Working on a mapping project of mine, I wanted to add normalization functionality. For instance, ranking each county in the US by cut bins (say, into quintile classes) is misleading because not each county covers the same about of area. Thus, it is more apt when mapping these rankings to each enumeration unit (county) to standardize/normalize the value by dividing the value by area. Then you rank these "per area" density values. This will produce something like "persons per square kilometer" instead of just "persons per county". The latter is more likely going to have more persons, if it is a larger county, just by nature of the size of the county.
Since I'm using the maps package, I want to stick with what it has available. This has proven to be harder than anticipated.
First, you can run this function to obtain the data for any year. We'll work with 2010
Code:
# These are for later processing
library(maps)
library(mapproj)
importBLS <-
# Import county unemployment data from the BLS FTP site
#
# Arguments:
# year - Integer or character. Long-format (yyyy) year value. Valid for years 1990 to 2010.
# ... - additional arguments passed to read.fwf/read.table
#
# Returns:
# A data.frame containing cleaned up BLS data
function(year, ...) {
# Validation on year input
isValid <- year %in% paste(1990:2010)
if (!isValid)
stop("Year not supported.")
# Initalize variables to be used on import
year <- substr(year, 3, 4) # Files identified by last 2 digits
infile <- paste("ftp://ftp.bls.gov/pub/special.requests/la/laucnty", year, ".txt", sep = "")

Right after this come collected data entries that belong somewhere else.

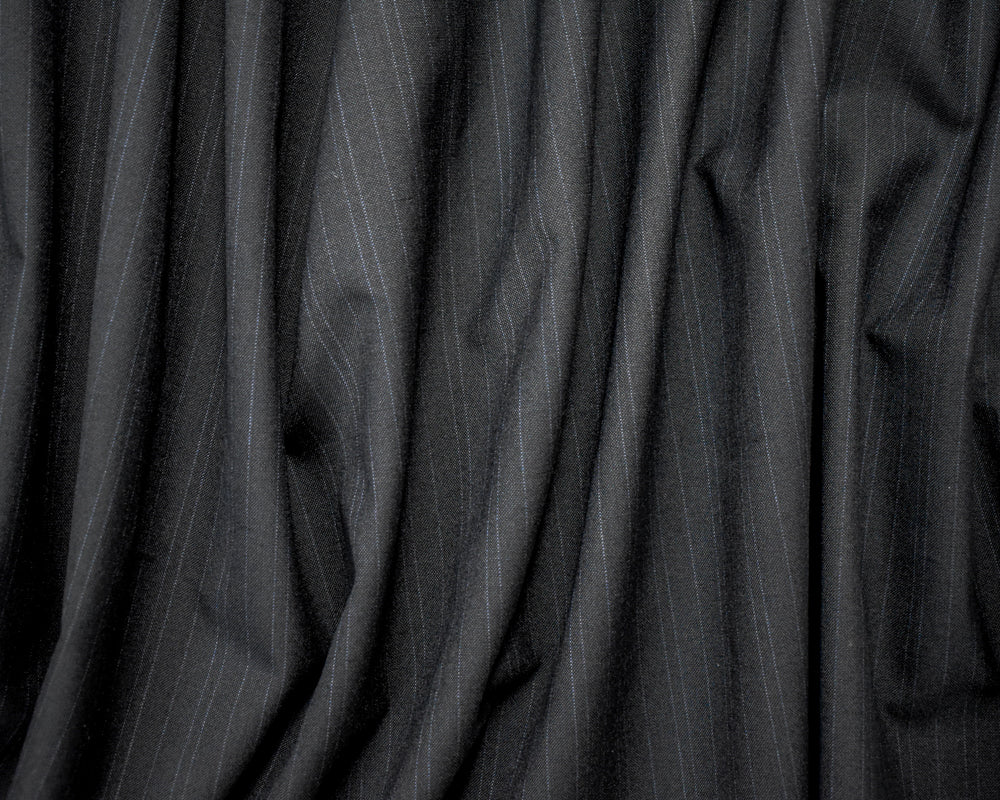 Black-Deep Blue Tropical Wool-Poly Japanese Vertical Stripe Shirting Fabric
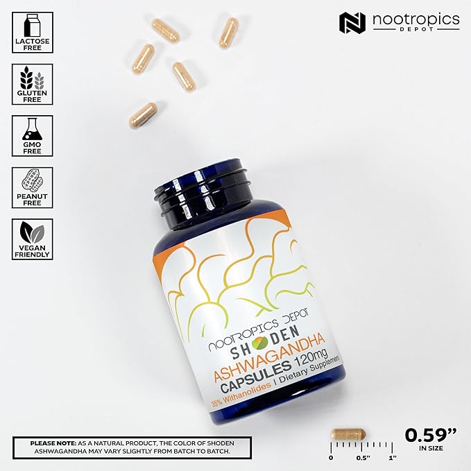 Nootropics Depot Shoden Ashwagandha Extract Capsules | 120mg | 90 Count | 35% Withanolides
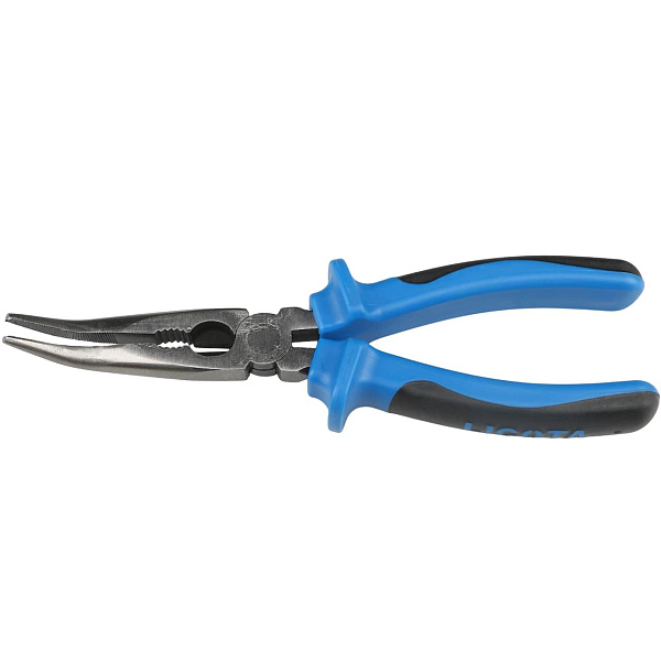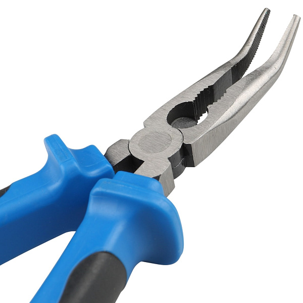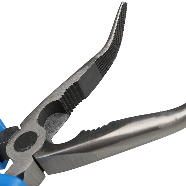 Изогнутые губки инструмента позволяют удерживать детали, доступ к которым прямыми длинногубцами затруднен.
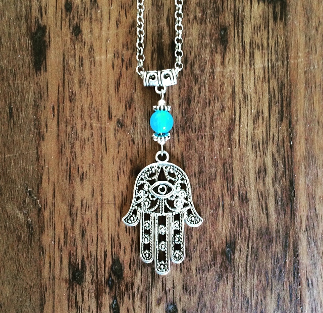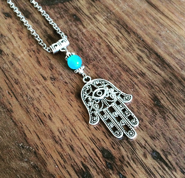 Long hamsa necklace measures around 15 inches long. Large hamsa measures 1 1/2 inches.

WIDTHS <- c(8, 5, 8, 53, 4, 14, 13, 11, 9)
CLASSES <- c("factor", rep("character", 3), "factor", rep("character", 4))
FIELDS <- c("series_id", "sFIPS", "cFIPS", "name", "year", "labor", "emp", "unemp", "unrate")
# Import data from FTP into data frame
x <- read.fwf(url(infile), skip = 6, strip.white = TRUE, ...,
col.names = FIELDS, colClasses = CLASSES , widths = WIDTHS)
# Clean up imported data
x <- transform(x,
fips = as.numeric(paste(sFIPS, cFIPS, sep = "")),
labor = as.numeric(gsub(",", "", labor)), # Remove formatted strings that include ","

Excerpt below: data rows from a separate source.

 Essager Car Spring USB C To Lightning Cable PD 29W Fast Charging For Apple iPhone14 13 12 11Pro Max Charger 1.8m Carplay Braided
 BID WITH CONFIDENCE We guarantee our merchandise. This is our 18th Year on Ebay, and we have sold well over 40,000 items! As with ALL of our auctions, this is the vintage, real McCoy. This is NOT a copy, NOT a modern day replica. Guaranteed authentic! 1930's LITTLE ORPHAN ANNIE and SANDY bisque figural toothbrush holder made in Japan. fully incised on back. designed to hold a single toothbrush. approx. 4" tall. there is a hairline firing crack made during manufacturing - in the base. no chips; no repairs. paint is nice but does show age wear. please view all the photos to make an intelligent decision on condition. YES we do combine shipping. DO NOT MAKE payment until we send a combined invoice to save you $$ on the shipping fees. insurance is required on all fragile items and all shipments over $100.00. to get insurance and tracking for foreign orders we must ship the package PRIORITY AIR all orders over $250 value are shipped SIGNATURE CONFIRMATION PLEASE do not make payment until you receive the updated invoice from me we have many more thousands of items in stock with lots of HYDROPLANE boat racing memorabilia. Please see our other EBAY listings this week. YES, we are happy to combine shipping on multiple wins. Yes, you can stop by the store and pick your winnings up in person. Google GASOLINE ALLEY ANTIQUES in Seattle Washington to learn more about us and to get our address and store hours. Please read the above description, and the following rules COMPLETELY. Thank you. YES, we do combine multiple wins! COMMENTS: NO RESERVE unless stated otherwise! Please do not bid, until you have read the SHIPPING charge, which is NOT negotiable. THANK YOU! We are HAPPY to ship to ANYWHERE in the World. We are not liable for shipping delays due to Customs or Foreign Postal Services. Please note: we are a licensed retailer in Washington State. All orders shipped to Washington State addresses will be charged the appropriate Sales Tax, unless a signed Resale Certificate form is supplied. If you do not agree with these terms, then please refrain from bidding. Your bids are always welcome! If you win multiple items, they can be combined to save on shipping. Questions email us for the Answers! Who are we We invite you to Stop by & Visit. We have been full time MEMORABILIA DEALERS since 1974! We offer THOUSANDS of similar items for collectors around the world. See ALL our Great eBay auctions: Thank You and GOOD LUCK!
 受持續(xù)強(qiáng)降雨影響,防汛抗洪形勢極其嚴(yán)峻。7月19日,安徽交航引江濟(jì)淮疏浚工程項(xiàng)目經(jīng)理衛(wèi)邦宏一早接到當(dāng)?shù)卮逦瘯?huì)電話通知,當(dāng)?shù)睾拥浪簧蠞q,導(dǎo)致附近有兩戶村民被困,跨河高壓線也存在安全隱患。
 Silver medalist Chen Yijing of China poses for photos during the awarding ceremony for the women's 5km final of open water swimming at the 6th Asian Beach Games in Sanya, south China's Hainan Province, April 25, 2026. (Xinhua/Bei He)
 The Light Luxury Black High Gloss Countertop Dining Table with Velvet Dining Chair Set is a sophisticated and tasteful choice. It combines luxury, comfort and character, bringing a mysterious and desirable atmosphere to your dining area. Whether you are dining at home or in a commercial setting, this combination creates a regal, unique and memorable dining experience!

emp = as.numeric(gsub(",", "", emp)),
unemp = as.numeric(gsub(",", "", unemp)),
unrate = as.numeric(unrate)
); # end transform
return(x)
} # end function
df <- importBLS(2010)
Now that you have the data, we'll need a couple of things. First, we'll need a county map object (for boundary polygons) and the county lookup table.
Code:
data(county.fips)
cnty <- na.omit(county.fips) # record 2395 is NA in FIPS "south dakota,x"
m <- map('county', fill = TRUE, plot = FALSE, projection = 'bonne', param = 39)
We can use this to obtain areas for every county
Code:
cnty <- transform(cnty, area = area.map(m, polyname, exact = TRUE))
The problem now is this: we have area for every county listed by fips. The fips match those fips in df. However, we have 10 extra fips in cnty than we do in for matching fips in df. Why? Because we have counties split. You'll find names like 'state,county:subregion' instead of just 'state,county'.
I need to somehow aggregate these subregions into a 'state,county' form (really, only the fips matters since that's what links it to the data). If I can do that, I can merge cnty to df, transform df to include a density column (= unrate / area, say). Then I can run my mapping function on the density field, as desired.
I'm at a loss at the moment on how to approach this aggregation. If you want to know which records are of interest, they are these:
Edit: The only logic I can think of at the moment is this:
For each polyname that includes a ":" aggregate based on what is to the left of ":" by summing their areas. Return only what is to the left of ":". How do I make that into an R function I can operate on this data frame?
Such clarity. I should spend more time on the throne.
The problem with the solution I was anticipating is that I perceived it as being involved with aggregation. Instead, I need to take a step to transform 'cnty' by replacing its elements (if they have an ":" at all) with what is to the left of the separator. Thus, I'll have polynames with some being identical. Then I merely do a standard aggregation call to summation. This should be sufficient!